More ACA (Tax) Delays

The recently signed (1/22/2018) “short-term spending bill”, also referred to as the “continuing resolution” (CR) does more than keep the United States government open and fully functioning until February 8, 2018.  It also delivers yet another set of Affordable Care Act (ACA) delays.  Employers offering group health insurance to their employees can breathe a collective sigh of relief as virtually ALL employers offering ALL types of group health insurance (i.e., small group, large group, fully insured, self-funded) will benefit from these delays.  Here’s what’s happening and when….

The ACA’s so called Cadillac tax, originally set to take effect this year (2018), and previously delayed by congress to 2020, is now delayed until 2022.  But wait….there’s more!!!  The triggers for Cadillac tax applicability are required to be reset prior to the implementation of the Cadillac tax, which is welcome news to affected employers.  So originally, benefit amounts that exceeded annual, cumulative thresholds set by the ACA ($10,200 for employee only coverage; and $27,500 for employee plus dependent(s) coverage) would be subject to a 40%, employer directed excise tax.  The recently passed, 2018 CR bill requires these thresholds to be reset prior to 2022.  The Cadillac tax applies to all forms and types of group health insurance.
For a review of the Cadillac tax, see –

The HIT tax only applies to fully insured group health insurance plans, and originally took effect in 2014.  This tax added 2% – 2.5% to premiums in 2014, then ramped up to 3% – 4% in 2015 and beyond,  and is collected and remitted by insurers to the federal government.  This tax increases in future years commensurate with premium increases.  Congress suspended the HIT tax for 2017, but it resumes in 2018.  Per the CR, it is now set to be suspended for 2019, resulting in reduced premiums to impacted employers beginning in 2019.

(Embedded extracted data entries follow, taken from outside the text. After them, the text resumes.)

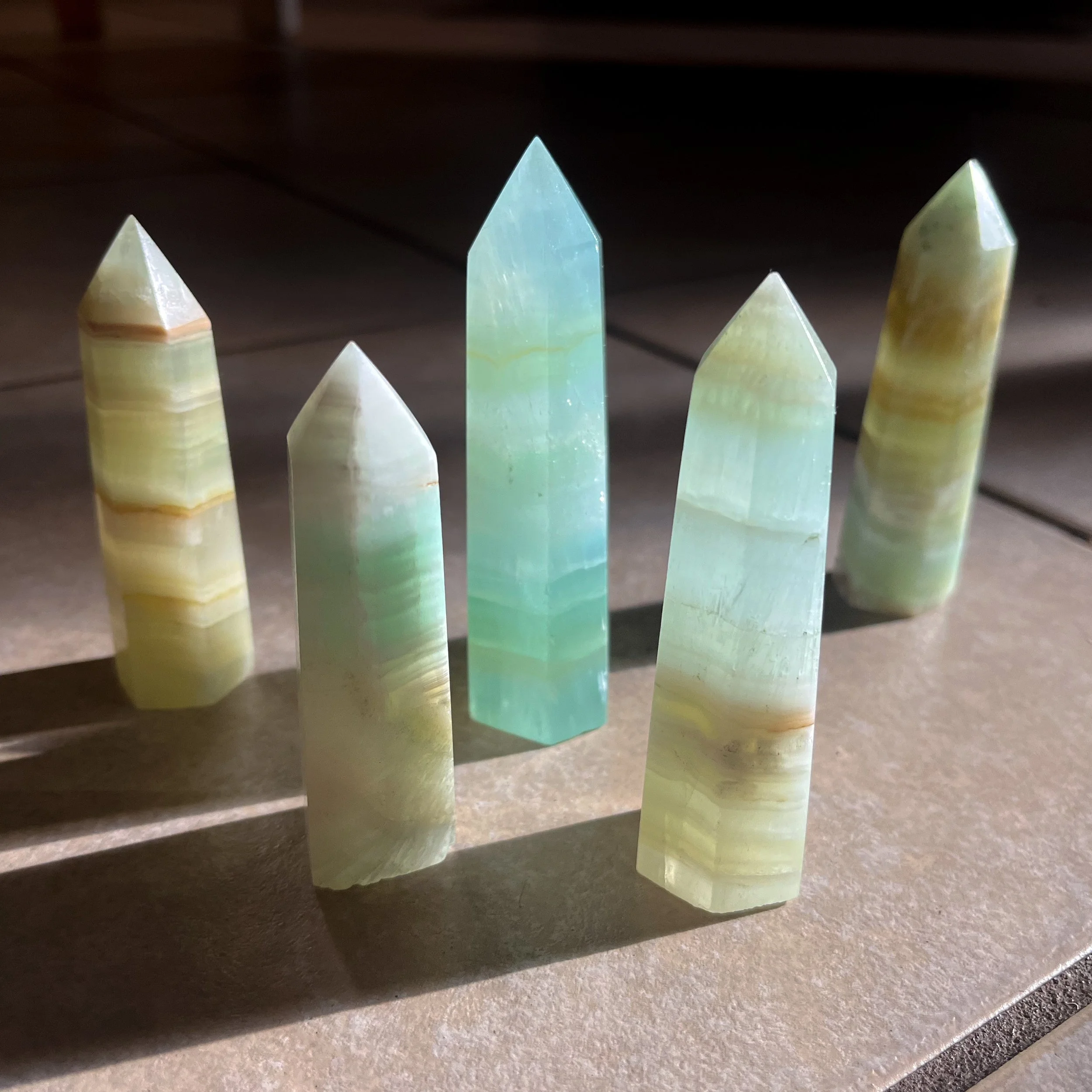 Categories: All Tumbled Towers All / Towers Green Aventurine $15.00 Sold out Mookaite Jasper $19.00 Pistachio Calcite $19.00 Rose Quartz $20.00 Labradorite $21.00 Rainbow Fluorite $23.00 Blue Apatite $27.00 Sold out Moss Agate $27.00
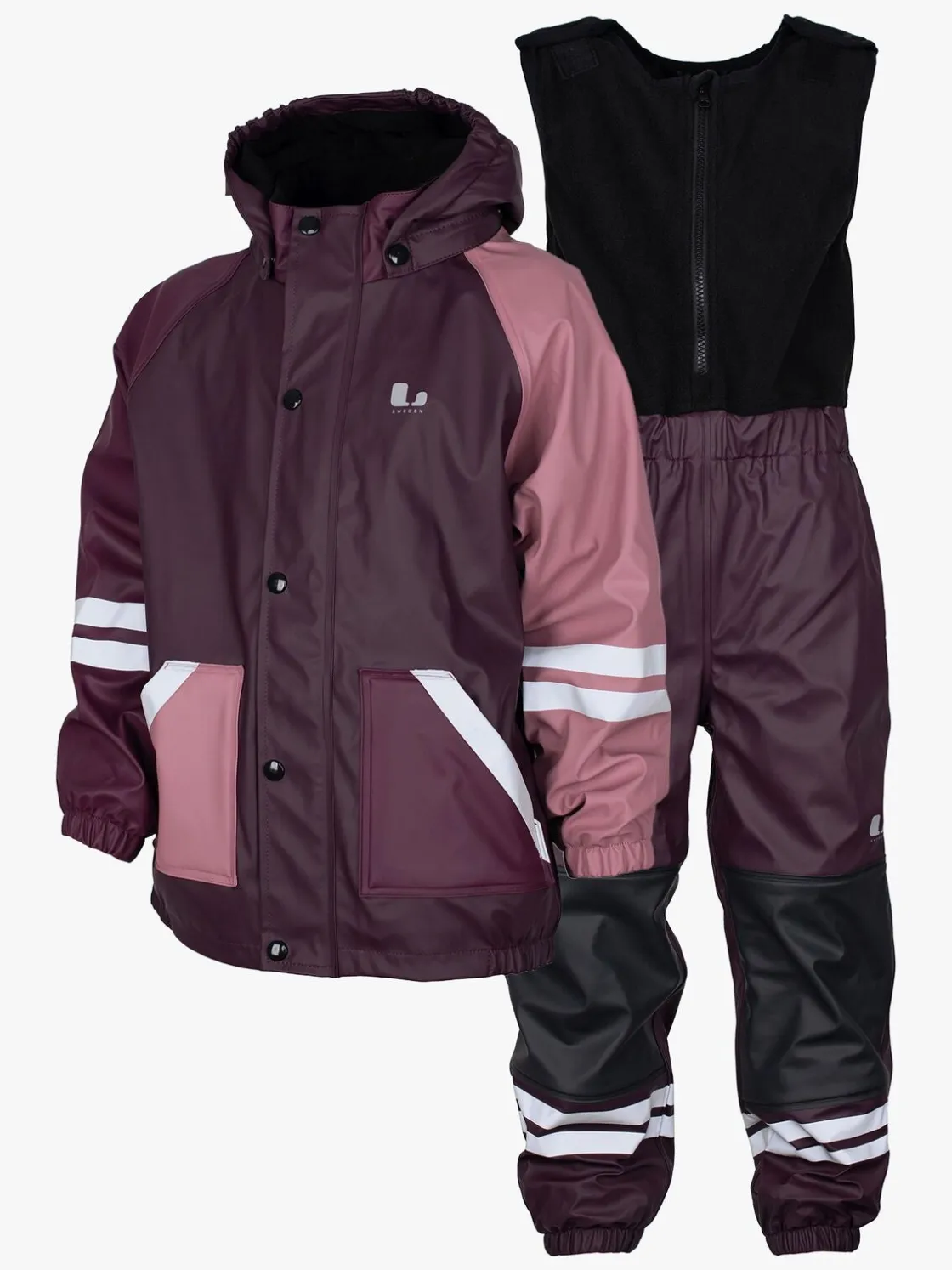 – Bukserne har en overdel i fleece, der dækker både bryst og ryg, og lukkes med velcrobånd ved skuldrene.
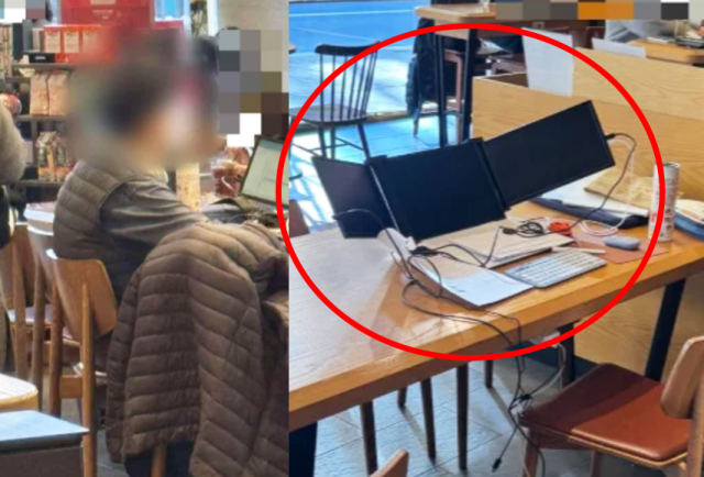 공개된 사진에는 한 중년 남성으로 보이는 손님이 노트북에 확장형 디스플레이 두 대로 총 3개의 모니터를 연결해 테이블을 가득 채우고, 주변 의자와 테이블에도 개인 짐을 올려놓은 모습이 담겼다.
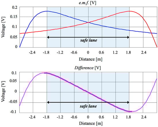 As the detecting coil (placed at a constant height hc) moves from x = 0 (i.e., above the wire) to a higher value, a variation of the induced voltage (Equation (1)) occurs, due to the change of the distance between the wire and loop and to the concatenation angle θ = arctan (hc/x). By repeating the same considerations for the other wire, Figure 3 top is obtained, where the two e.m.f. are depicted for the case of hc = 1 m, I0 = 1 A and f = 100 kHz. The presence of a region between the two wires where both signals are monotone, one is decreasing and the other is increasing, can be clearly seen. Their difference (Figure 3, bottom) highlights a monotone behavior in the central region. This zone of linearity has been chosen to delimit the safe lane and the intensity of the difference signal is used to guide the athlete, modulating the warning message according to his position in the lane.
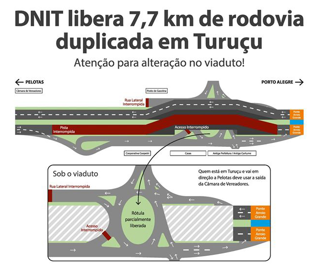 Nesta sexta-feira (13) acontece a liberação de 7,7km de duplicação da BR 116 em Turuçu, (nas proximidades do controlador de velocidade instalado na entrada da cidade até a ponte do Passo das Pedras), incluindo o novo trevo de acesso ao município. A cerimônia de inauguração do trecho vai contar com a presença do Ministro da Infraestrutura, Tarcísio Freitas, e está marcada para as 14h30min.
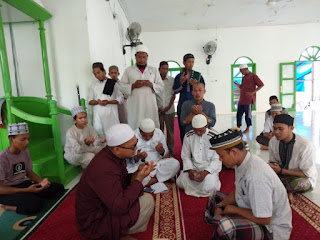 Ustadz Abdul Waris saat memberikan tauziahnya, menyampaikan pesan kepada Muhammad Abdullah yang intinya agar terus belajar mendalami agama islam dan memperdalam ilmu tauhid. “Kita harus menjalankan perintah Allah dan menjauhi laranganNya.(Wardi)

Although the medical device tax does not have a direct impact on health insurance, it definitely has a cost shifting impact on the ultimate cost of coverage.  Originally taking effect in 2013, Congress suspended the medical device tax, which applies a 2.3% tax on revenues derived from the sale of U.S. medical devices, for 2016 and 2017.  The CR now delays this tax through 2019.  Presumably this tax would resume in 2020, barring an additional delay or repeal.

Importantly, the ACA’s Comparative Effective Research Fee (CERF), which applies to all group health insurance plans, is NOT delayed by the CR.  So affected employers must still comply with the collection and remittance of this tax.  Generally speaking, insurers collect and remit this tax on behalf of fully insured plans, and partially self-funded employers must calculate/collect/remit this tax in July of each year.
For a review of the CERF, see –

Note: The ACA’s transitional reinsurance fee, which applied to all group health insurance plans from 2014 – 2016, went away after 2016 and is no longer applicable.